Deputado, já requisitei da Polícia Federal duas vezes informações a respeito.

Alguma pessoa reclamou na Ouvidoria Agrária que existe ligação entre movimentos

sociais rurais e FARC. Eu já requisitei duas vezes, e duas vezes a própria Polícia

Federal informou que não há essa ligação. Oficialmente, a Polícia Federal informou-

me que não existe essa ligação.

Essa questão da assistência técnica pela EMATER, que o senhor sugere,

acho fundamental. Acho que esse deve ser um dos encaminhamentos que deve sair

da Subcomissão, neste sentido: que a assistência técnica nos projetos de

assentamentos do INCRA seja feito pelas EMATERs. Isso é fundamental, porque

hoje a assistência é feita por empresa vinculada a determinado movimento social.

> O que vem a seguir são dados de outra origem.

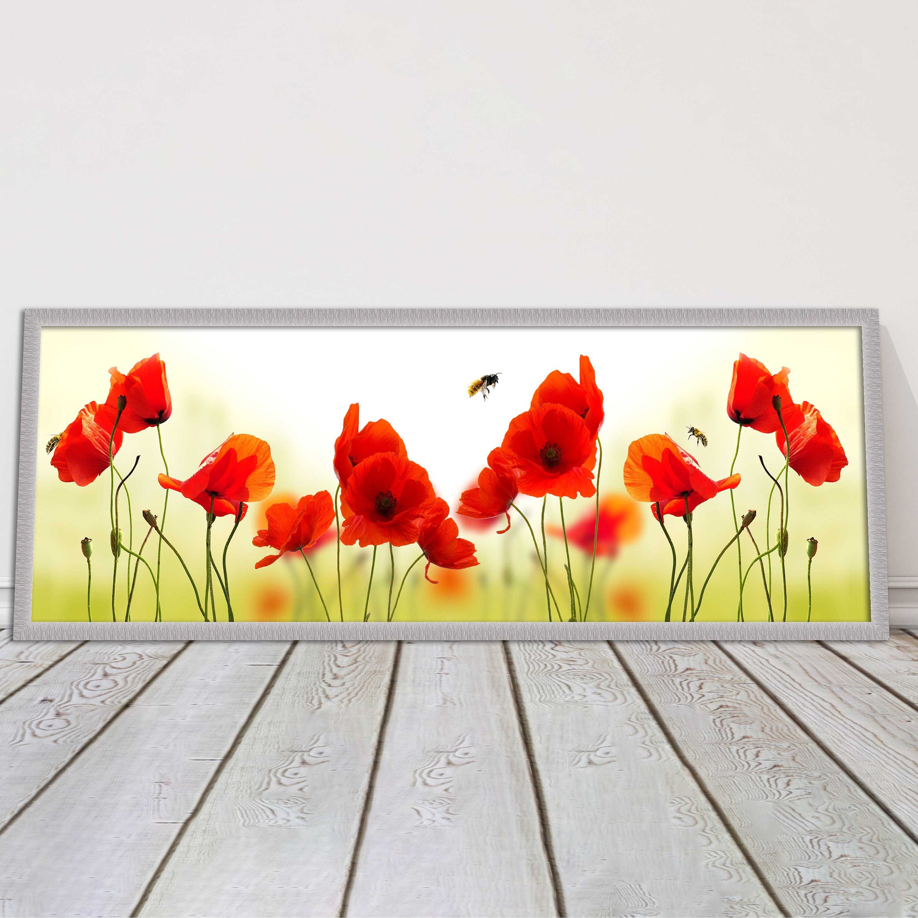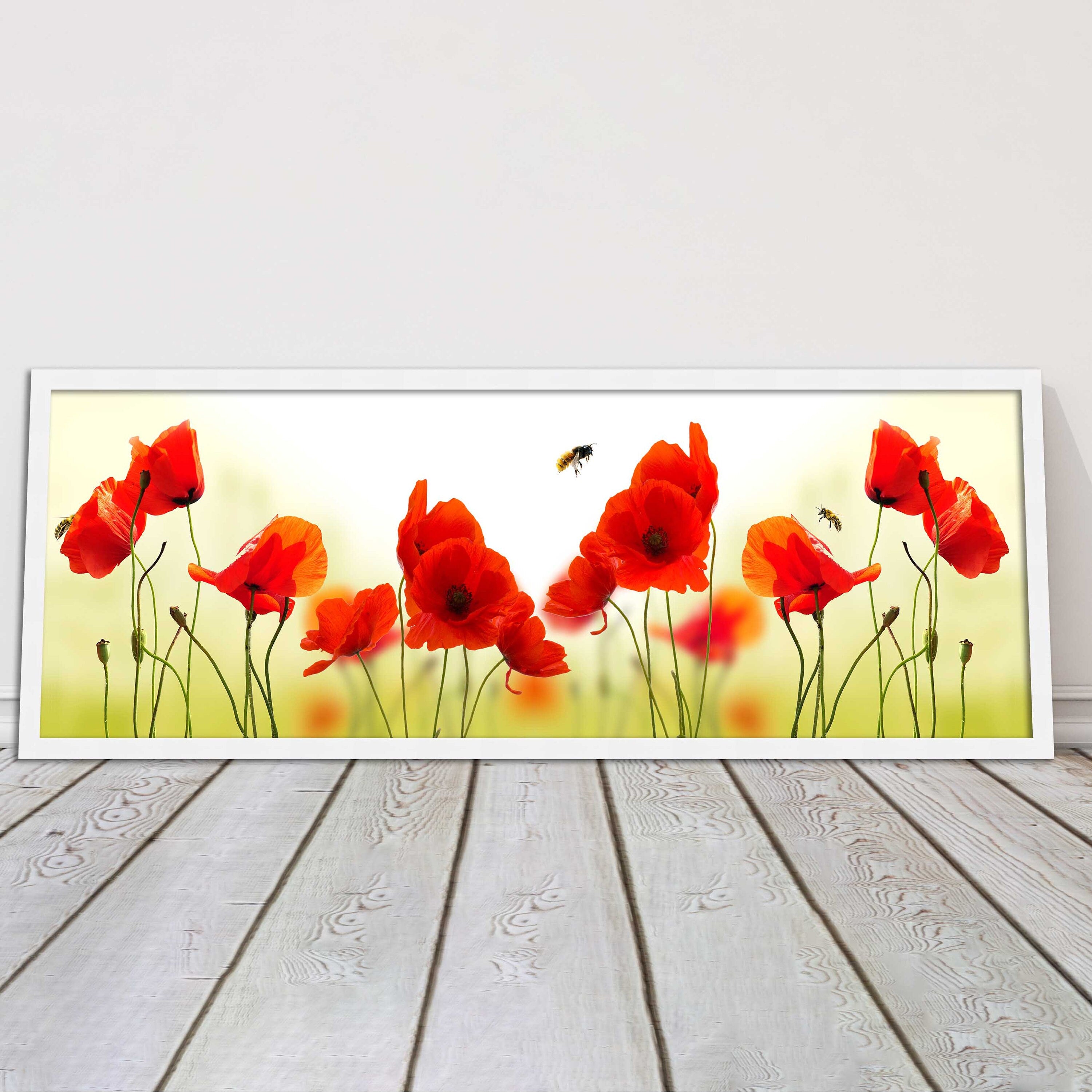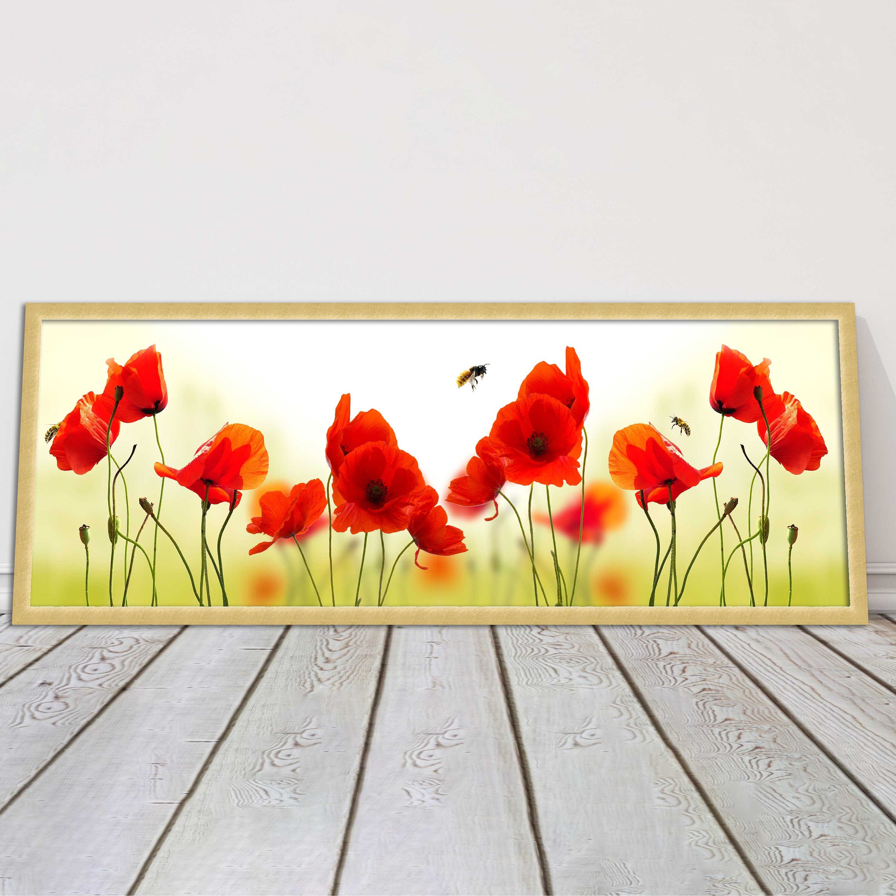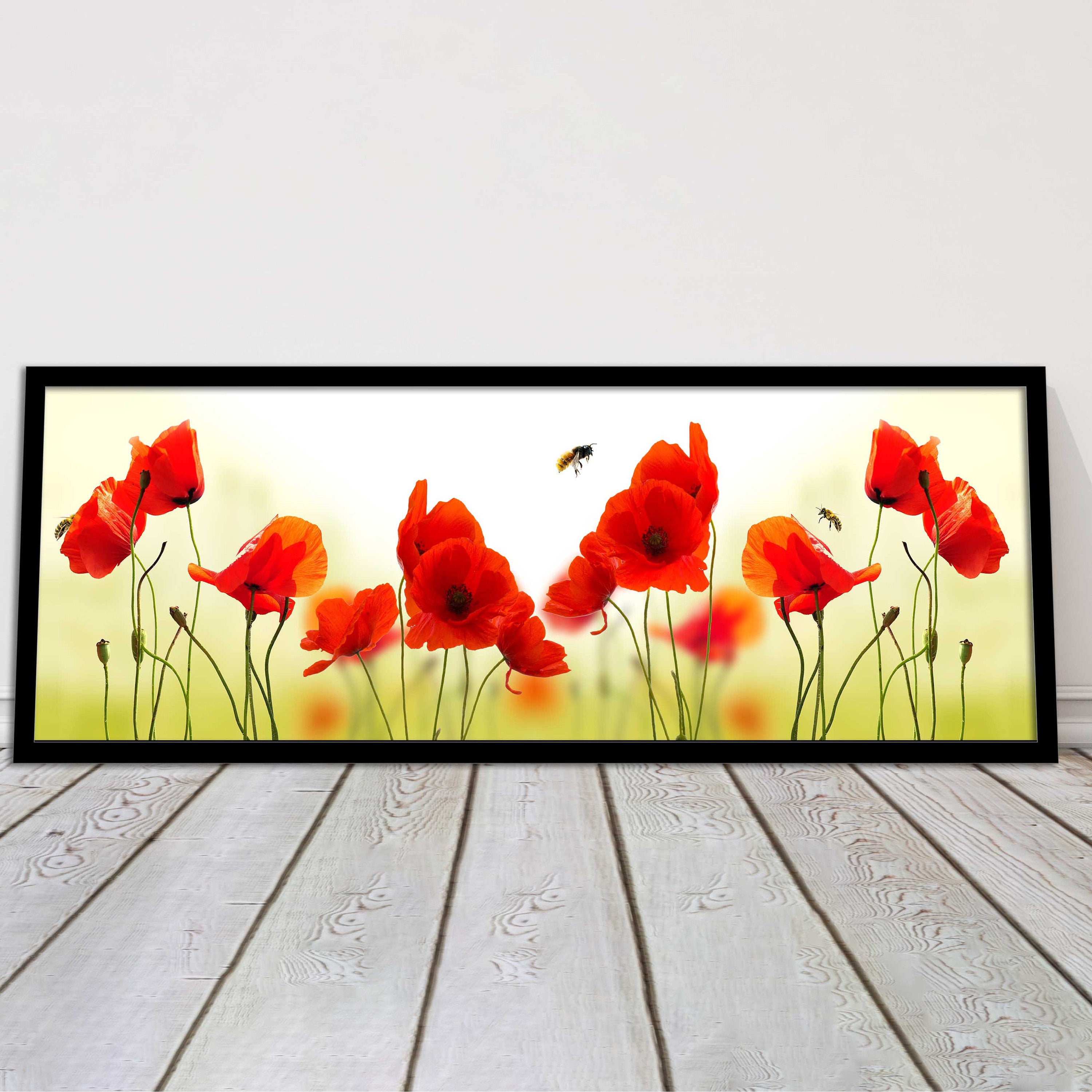 Wild Poppies and Bees. A beautiful bright, panoramic framed picture print. Choice of size, frame colours and borders.

Para acabar com essa história de que essa empresa fica vinculada ideologicamente

ao movimento, é bom que seja feita mesmo pela EMATER. Sugiro, respeitosamente,

que os senhores façam orientação nesse sentido.

Por fim, no que se refere à manifestação do Ministro Ilmar Galvão quanto às

varas agrárias, no que se refere aos recursos financeiros, a Ouvidoria Agrária

Nacional tem recursos financeiros suficientes para ajudar os Tribunais, sejam os

Tribunais Federais, sejam os Tribunais de Justiça, na instalação e desenvolvimento

das varas agrárias.

O SR. PRESIDENTE (Deputado Abelardo Lupion) - E quanto às vacinas?

O SR. GERCINO JOSÉ DA SILVA FILHO - Sim, quanto às vacinas, vou

assumir compromisso com os senhores.